Prévisible, la folie meurtrière?

«Il serait illusoire de penser que nous pouvons enrayer les homicides intrafamiliaux, mais si nous pouvons en réduire l’occurrence en mettant en place de nouvelles mesures de prévention ou en développant des services supplémentaires, nous le ferons. Aucune famille ne devrait connaître la souffrance qu’occasionnent de tels drames.»

Voilà ce que déclarait le ministre de la Santé, Yves Bolduc, en octobre 2011, au moment de la création du comité d’experts mandaté pour réaliser une analyse de l’état de situation sur l’ampleur du phénomène des drames intrafamiliaux au Québec et formuler toute recommandation pour prévenir ce type d’homicides, «en cohérence avec les orientations ministérielles, notamment en matière de violence conjugale et de santé mentale.»

Le ministre Bolduc n’avait plus le choix. Le verdict rendu par un jury dans l’affaire Guy Turcotte avait plongé la population québécoise dans le doute sur le sentiment de justice rendue au Québec. Le cardiologue avait tué ses deux enfants avant de tenter de s’enlever la vie en avalant près d’un litre de lave-glace. Et au terme d’un procès hautement médiatisé, Turcotte avait été déclaré par un jury non criminellement responsable de ses actes.
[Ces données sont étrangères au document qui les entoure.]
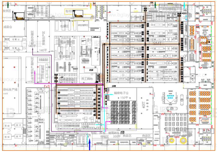 本規劃項目涉及對工廠進行整體規劃,規劃內容包含對車間精益布局規劃、水電氣設計與布局規劃、車間物流AGV配送規劃、智能化電子倉庫規劃等服務內容,實現工廠數據規范化、標準化,可滿足未來公司高速擴張的生產需求。

Les «experts» appelés à la barre par la défense avaient joué beaucoup sur le verdict final. Il ne fallait y voir que le geste d’un parent dérangé! Un accusé comme Turcotte est déclaré «non responsable criminellement» si, au moment où il commet une infraction criminelle, il souffrait d’un trouble mental qui l’empêchait de juger la nature et la qualité de son geste. C’est ce point-là sur lequel reposait toute sa défense.
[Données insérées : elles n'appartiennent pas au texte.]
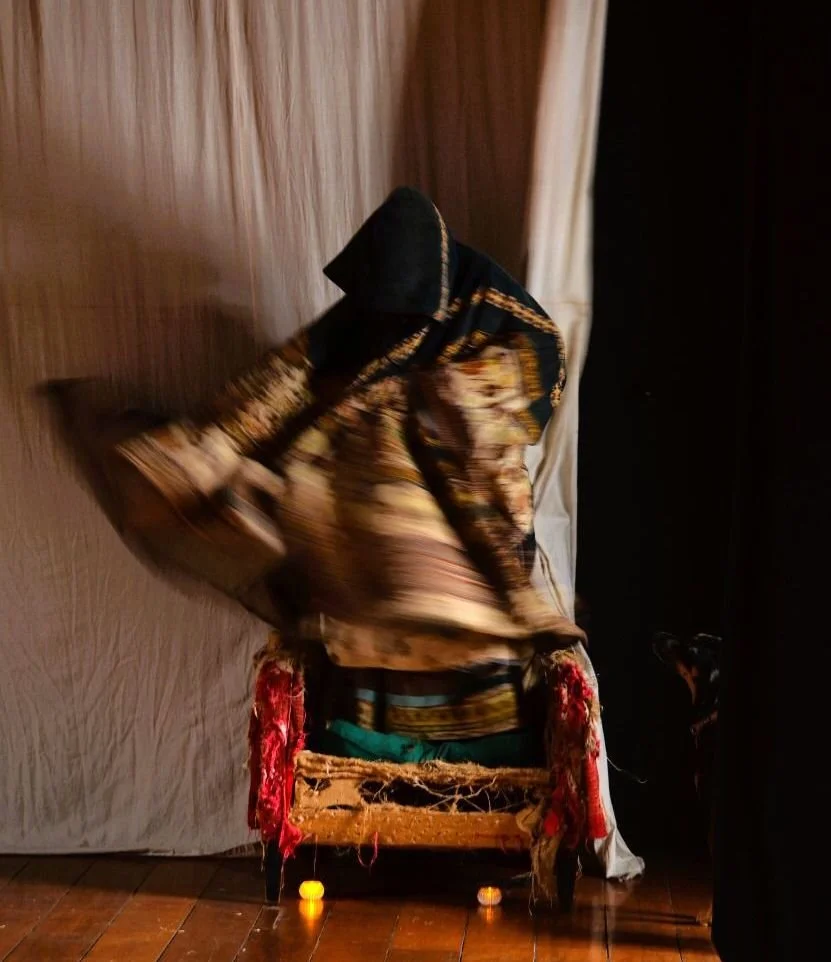 Desde la butaca vivimos una quietud compartida, entre lo que susurraba la Coleccionista para sí misma y los otros. Profundos momentos donde todo hablaba: esas piezas que hacen parte de tu ser coleccionista, así como esos gruesos abrigos y riquísima indumentaria cocida y construida por tu propia mano, donde fue posible ver todos los personajes con los que permanentemente dialogas, complementado esto con una acertada proyección audiovisual, que devela, con herramientas digitales, lo que probablemente sucede en tu interior, en tu cuerpo y en tu ser coleccionista. Momentos que hacen posible mirar con ojos sensibles la arquitectura poética sostenida en imágenes de tu propia historia, la de tus seres presentes y ausentes, y todo aquello que has ido recopilando en tu corazón, para entregarnos esta fábula viva y seductora.

Moins de quatre mois après la création de ce comité d’experts, Québec était plongé dans un autre drame, encore plus horrible celui-là, d’un fils qui assassine sa mère et deux de ses petites nièces, dans un moment de folie meurtrière, plus «prévisible», celui-là. On ne saura pas avant le 12 avril si l’accusé, Pascal Morin, pourra être jugé apte à subir son procès.

Depuis les funérailles des victimes du triple meurtre de Saint-Romain, le calme est revenu en région. Par respect pour les familles et pour permettre un semblant de retour à la vie normale après des événements qui ont profondément marqué les gens. Plusieurs vivent dans la peur que la folie meurtrière puisse de nouveau frapper, on ne sait quand ni où, mais les regards jetés sur les gens souffrant de maladies mentales n’ont jamais été aussi empreints d’inquiétude et d’incompréhension.
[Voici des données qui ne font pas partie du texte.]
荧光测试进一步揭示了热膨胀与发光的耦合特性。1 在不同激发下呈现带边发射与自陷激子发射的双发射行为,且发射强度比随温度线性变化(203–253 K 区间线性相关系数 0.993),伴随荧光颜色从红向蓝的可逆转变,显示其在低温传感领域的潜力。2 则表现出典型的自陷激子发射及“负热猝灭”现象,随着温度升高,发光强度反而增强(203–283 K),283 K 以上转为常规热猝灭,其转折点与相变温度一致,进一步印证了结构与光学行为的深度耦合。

Et le discours politique qui se voulait apaisant, l’automne dernier, au moment de la création du comité d’experts, est remis en question par des organismes qui estiment que le gouvernement du Québec reste bien muet quant aux mesures qui seront prises pour éviter d’autres drames comme ceux-là. Des organismes qui dénoncent l’incapacité des corps policiers à prêter assistance aux proches dont la vie est menacée par une personne malade mentalement et qui refuse les soins dont elle aurait pourtant besoin. Les policiers sont démunis pour intervenir directement, de leur propre chef, bien souvent par faute de ressources.

Et pourtant, qu’est-ce qu’on lit sur le site du ministère de la Justice, sous l’onglet «troubles mentaux»? «Si vous n’arrivez pas à convaincre la personne d’aller à l’hôpital, vous pouvez demander de l’aide pour l’y forcer ; celle d’un policier, par exemple. Dans un tel cas, vous devez communiquer soit avec la Sûreté du Québec, soit avec un procureur aux poursuites criminelles et pénales du palais de justice du district judiciaire où réside la personne. Ceux-ci détermineront la démarche à suivre selon les circonstances. Si la personne se comporte de façon à ce qu’il semble possible qu’elle saccage des biens, qu’elle blesse quelqu’un ou qu’elle commette toute autre infraction au Code criminel ou encore si elle formule des menaces de mort, les policiers procèderont à son arrestation. Son cas sera traité selon la procédure habituellement applicable aux infractions au Code criminel: arrestation sans mandat, sommation et comparution devant un juge, puis ordonnance d’évaluation psychiatrique.»

Le paragraphe suivant est on ne peut plus clair: «Par ailleurs, en vertu des pouvoirs qui lui sont conférés, un policier qui a des motifs sérieux de croire que l’état mental d’une personne représente un danger grave et immédiat peut l’amener contre son gré dans un centre hospitalier si un proche de la personne ou un intervenant social en fait la demande.»
La preuve est faite, le travail au quotidien des policiers sur le terrain n’est pas aussi tranché noir et blanc que dans le livre des procédures d’intervention du ministère de la Justice. L’application n’est pas aussi simple que décrite dans le mode d’emploi. Le drame de Saint-Romain en est un exemple frappant!